The answer should hold only the lines from the beginning of the material through the one with "经济学2042班邓晓蓉以预备", reproduced exactly and without pictures.

Provided data:
>>>

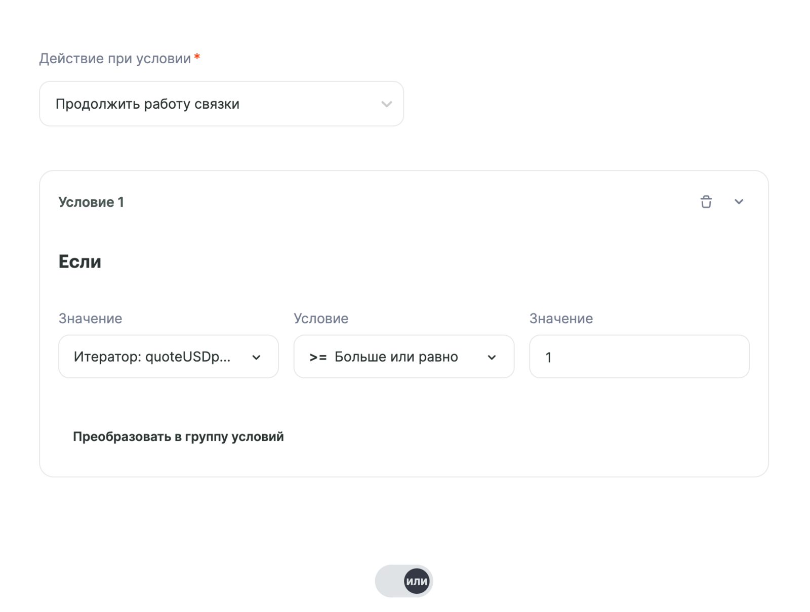 Осталось перед шагом «Математическая операция» добавить инструмент «Прервать связку при условии», чтобы передавать данные в Telegram только если изменения будут больше чем на 1%
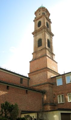 De kerk werd in 1728 gebouwd onder leiding van architect Johann Gunetzrhainer en bepaalde het stadslandschap voor generaties. Na zware bombardementschade in de Tweede Wereldoorlog vond de wederopbouw plaats door Alexander von Branca in het midden van de jaren 1950.
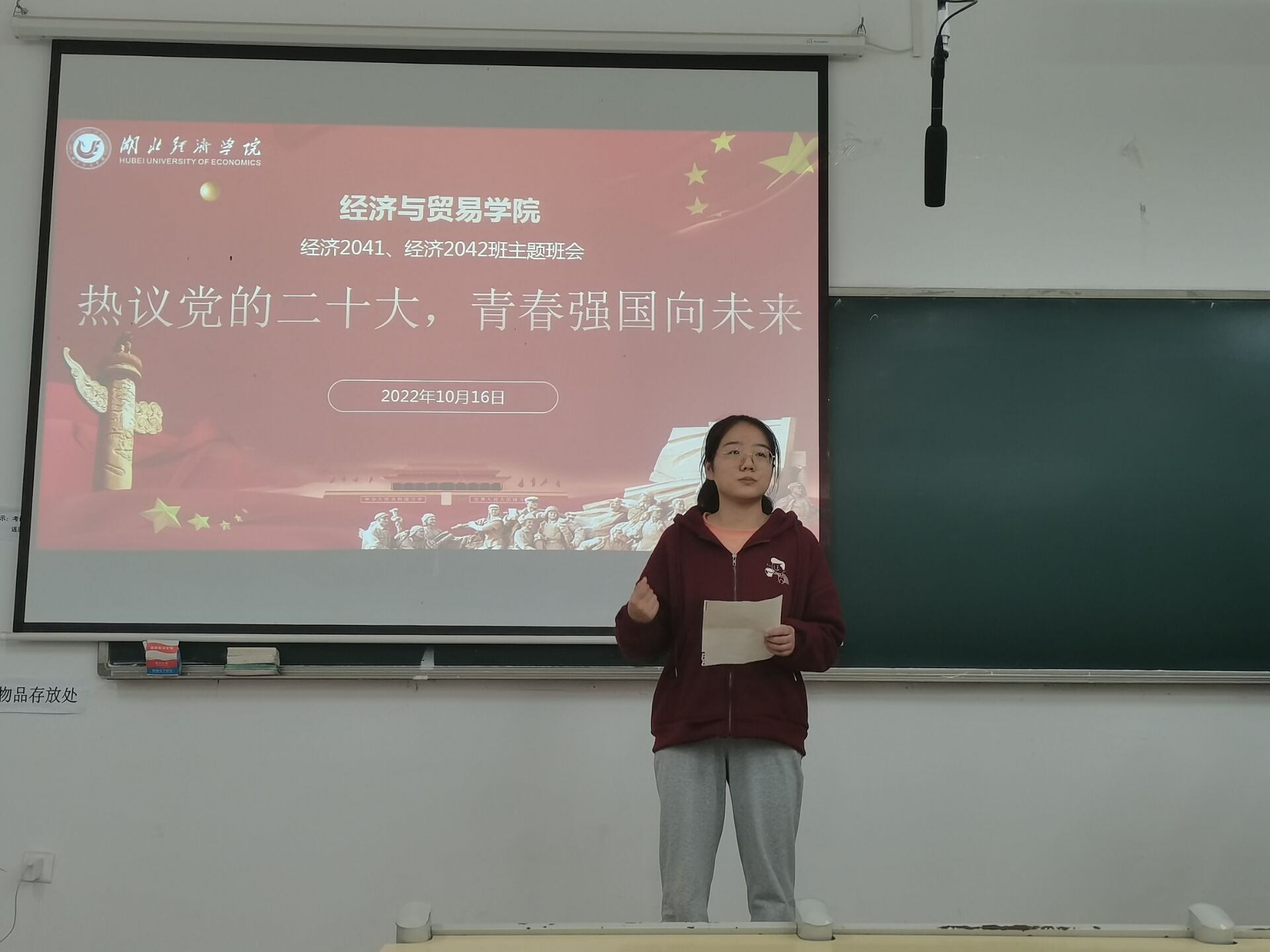 经济学2042班邓晓蓉以预备党员的身份分享她的心得体会,她指出,过去十年,中国共产党抗住压力,以不变的伟力续写了中国发展的新变化、新成绩。青年学生在新征程上,要以更加勇毅的决心,更加昂扬的奋斗精神,昂首阔步地走向全面建设社会主义现代化国家的光明大道。
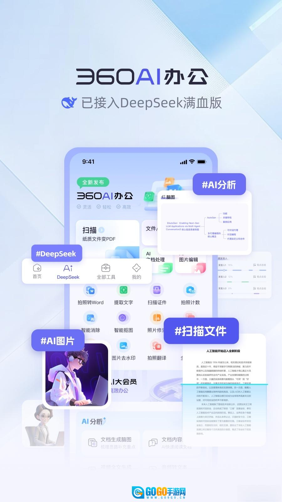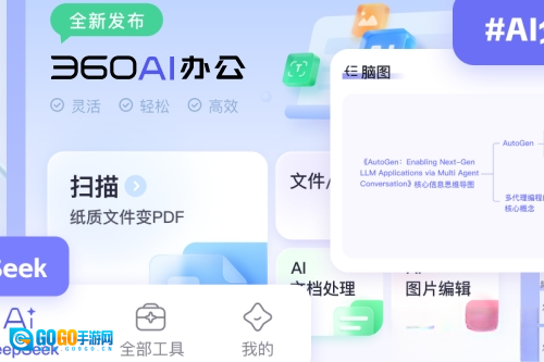 《360AI办公》是一款手机端全能办公助手,集成扫描、图片/视频处理、AI创作、翻译、模板库等功能,覆盖办公全场景。依托AI技术,助力高效处理文档、激发创意、突破语言障碍,让移动办公更智能、更轻松。

<<<

Response to the exercise:
 Осталось перед шагом «Математическая операция» добавить инструмент «Прервать связку при условии», чтобы передавать данные в Telegram только если изменения будут больше чем на 1%
 De kerk werd in 1728 gebouwd onder leiding van architect Johann Gunetzrhainer en bepaalde het stadslandschap voor generaties. Na zware bombardementschade in de Tweede Wereldoorlog vond de wederopbouw plaats door Alexander von Branca in het midden van de jaren 1950.
 经济学2042班邓晓蓉以预备党员的身份分享她的心得体会,她指出,过去十年,中国共产党抗住压力,以不变的伟力续写了中国发展的新变化、新成绩。青年学生在新征程上,要以更加勇毅的决心,更加昂扬的奋斗精神,昂首阔步地走向全面建设社会主义现代化国家的光明大道。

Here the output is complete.